Paradoxalement le père Men disait qu’il valait mieux pour l’Église
orthodoxe russe de vivre sous l’hégémonie du régime soviétique plutôt que
livrée à elle-même sous un régime de liberté religieuse. Il était conscient
des grandes tensions qui existaient au sein de la hiérarchie comme au sein
du peuple. Dès que cela fut possible, l’Église orthodoxe a baptisé dans
l’urgence des chrétiens par dizaines de milliers, ce que le père Men refusait
: il voulait baptiser des chrétiens conscients de la signification du baptême
et prêts à s’engager dans une vie nouvelle. Les intellectuels d’avant la
révolution étaient agnostiques et anticléricaux, ils se tournaient maintenant
vers l’Église après avoir été trompés par le marxisme. Mais l’Église, auraitelle la capacité de les accueillir, de les aider dans leur quête ?

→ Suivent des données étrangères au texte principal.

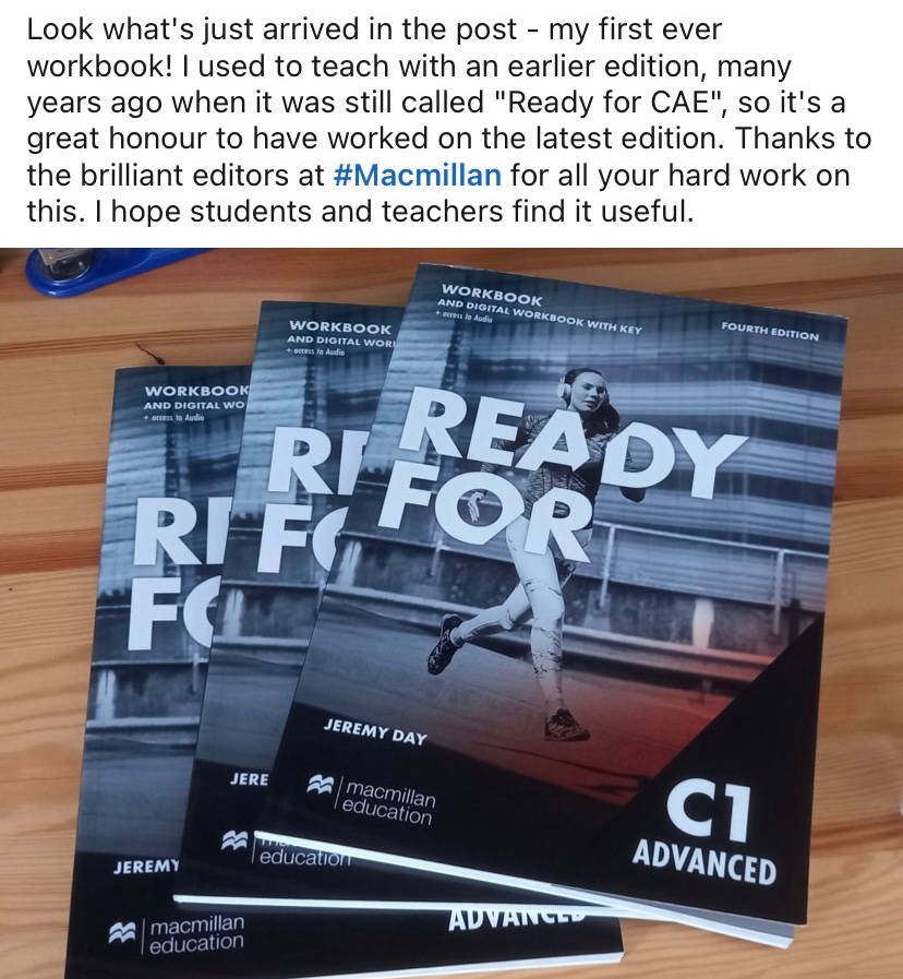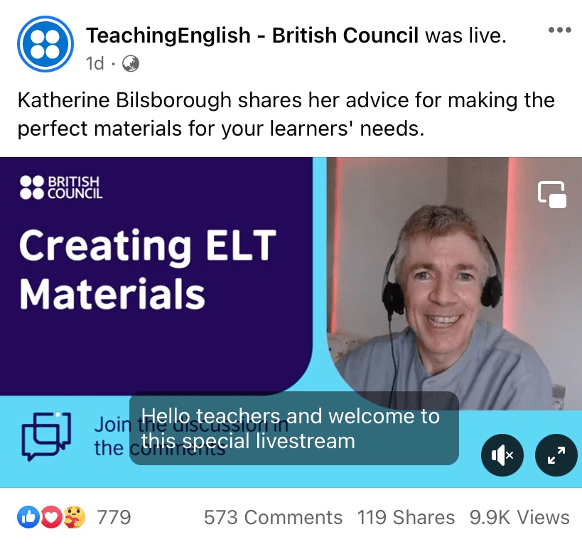 Katherine Bilsborough on (I think 2) FB Lives: Creating ELT Materials. Haven’t listened to every minute as got distracted by the kids but some sound advice. Click here.
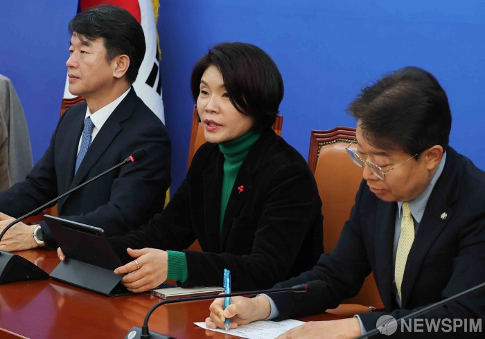 [서울=뉴스핌] 윤창빈 기자 = 한정애 더불어민주당 정책위의장이 8일 서울 여의도 국회에서 열린 정책조정회의에서 모두발언을 하고 있다. 2026.01.08 pangbin@newspim.com
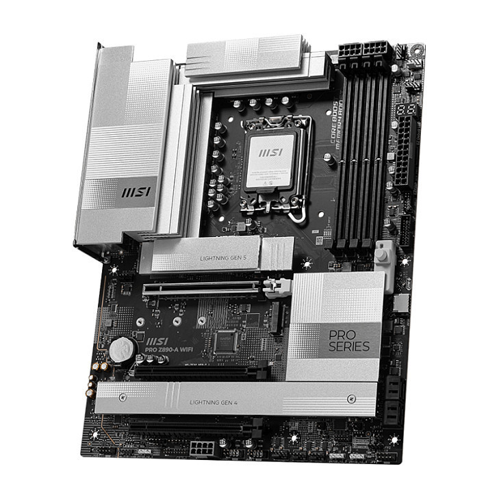 PRO Z890-A WIFI offers a simple design with a harmonious silver color scheme that perfectly matches both white and black PC builds. It is engineered with many exclusive features of MSI including true Wi-Fi 7 with EZ Antenna, 5G LAN, Thunderbolt 4, PCIe 5.0 M.2 with EZ M.2 Shield Frozr II, and Supplemental PCIe Power, ready for the Intel® Core™ Ultra processors.
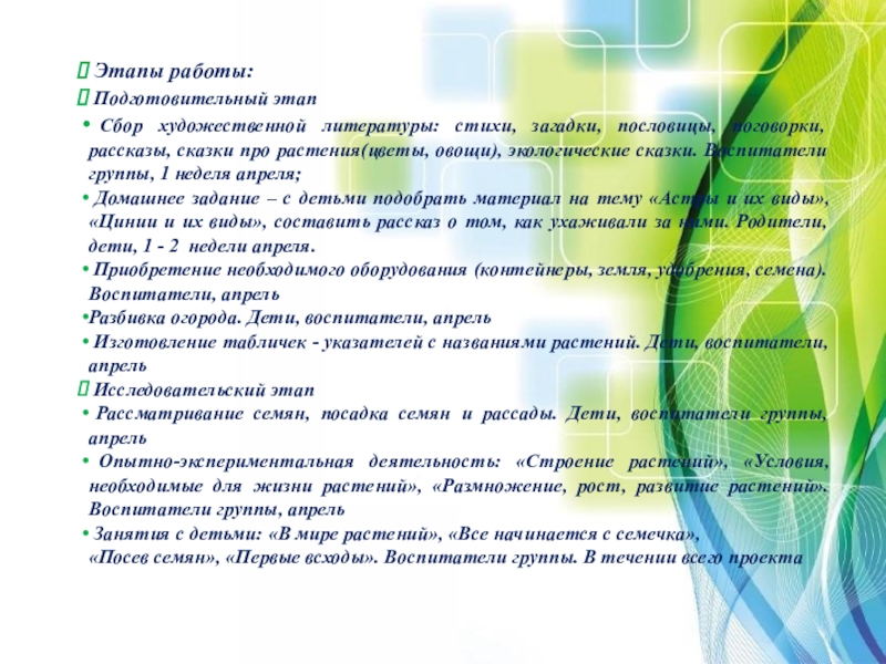 способствовать поиску новой информации об уже известных объектах (в нашем случае об овощах), дать наглядное представление детям о необходимости света, тепла, влаги, почвы для роста растений.
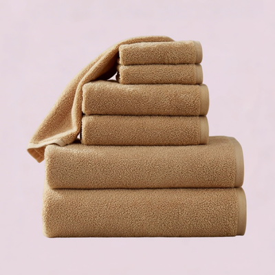 Soft tan towel laid flat highlighting plush terry surface
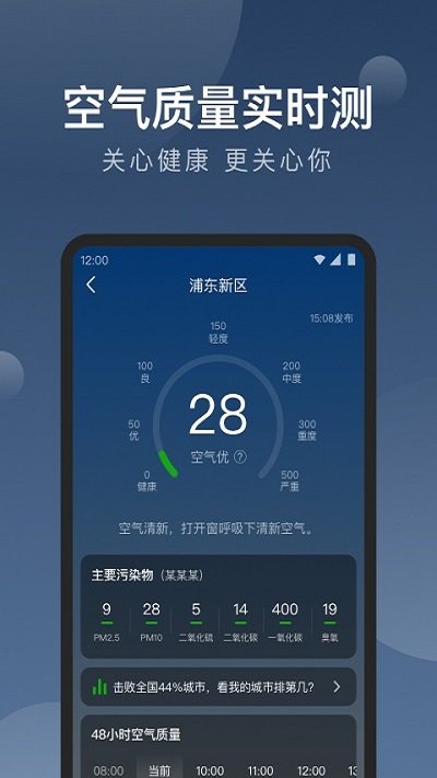 4、实时监测:空气质量,PM2.5等6项空气质量指数实时看,24小时天气情况逐时看

Le père Men a été assassiné en 1990. Son destin rappelle celui du
père Popieluszko en Pologne : deux hommes de Dieu écrasés par le
monstre froid de l’État. Lui-même pressentait l’imminence de sa fin,
l’urgence de proclamer la Bonne Nouvelle dans une liberté retrouvée.

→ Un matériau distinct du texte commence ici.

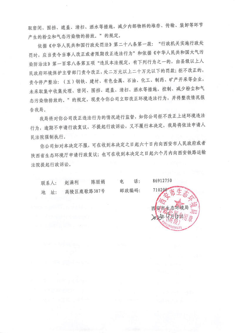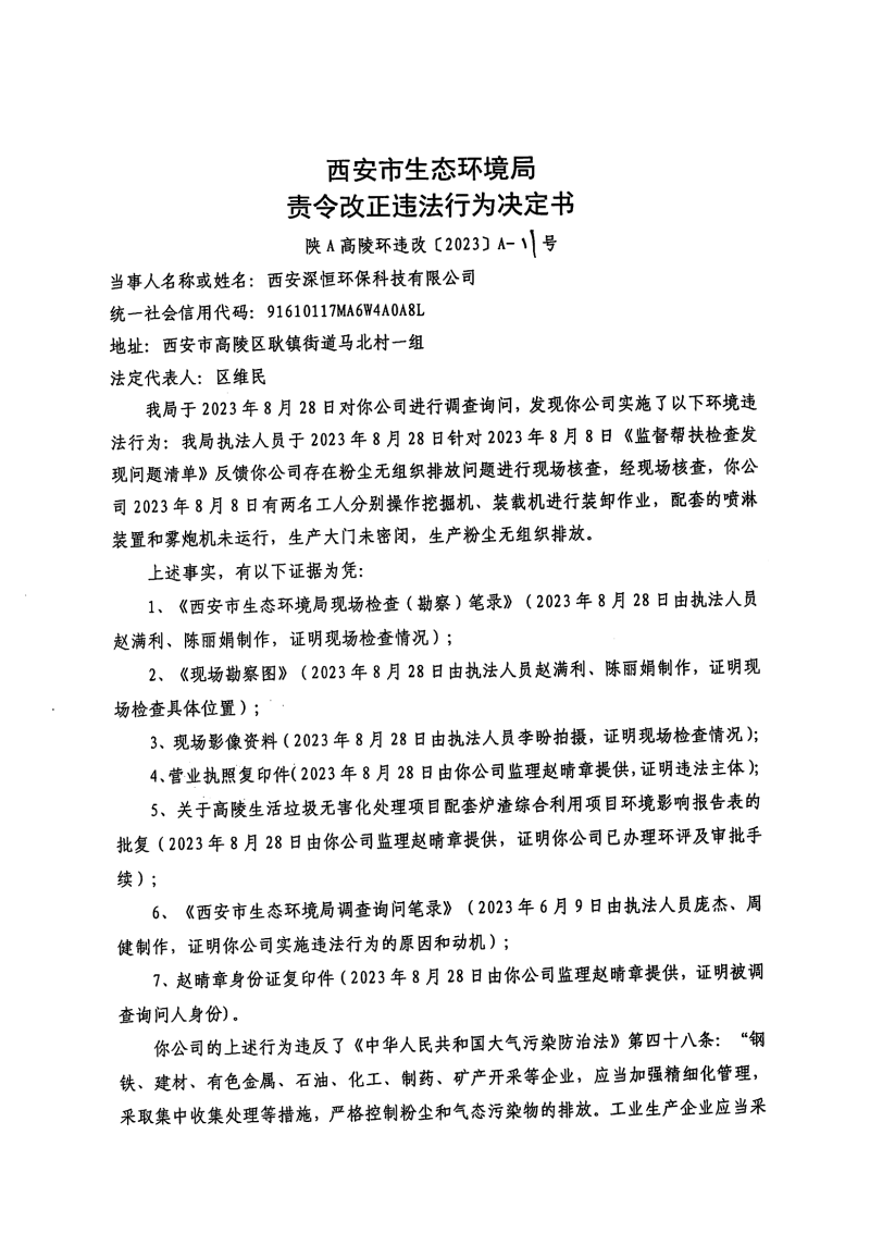 西安市生態(tài)環(huán)境局責(zé)令改正違法行為決定書陜A高陵環(huán)違改〔2023〕A-11號(hào)

L’année précédant son assassinat il fit au moins 200 conférences dans des
salles de théâtre, de cinéma, de clubs… Quand il apparaissait à la
télévision, le téléphone arabe se mettait à fonctionner pour prévenir les
amis d’allumer leur poste. Tout le monde s’accorde pour reconnaître en lui
une joie profonde, vraie, contagieuse, la joie du pasteur plein d’amour, sans
condescendance, attentif aux besoins spirituels de son troupeau. Il avait le
don de communiquer sa foi. Ce dimanche de septembre 1990 où il se
rendait à l’église pour y célébrer la liturgie, il fut mortellement frappé d’un
coup de hache. Un de ses amis écrit que si son assassin avait pu lui parler
avant de lever sa hache, il aurait peut-être renoncé à son acte, « mais hélas
l’homme a frappé dans le dos, et aucune parole n’a été échangée ».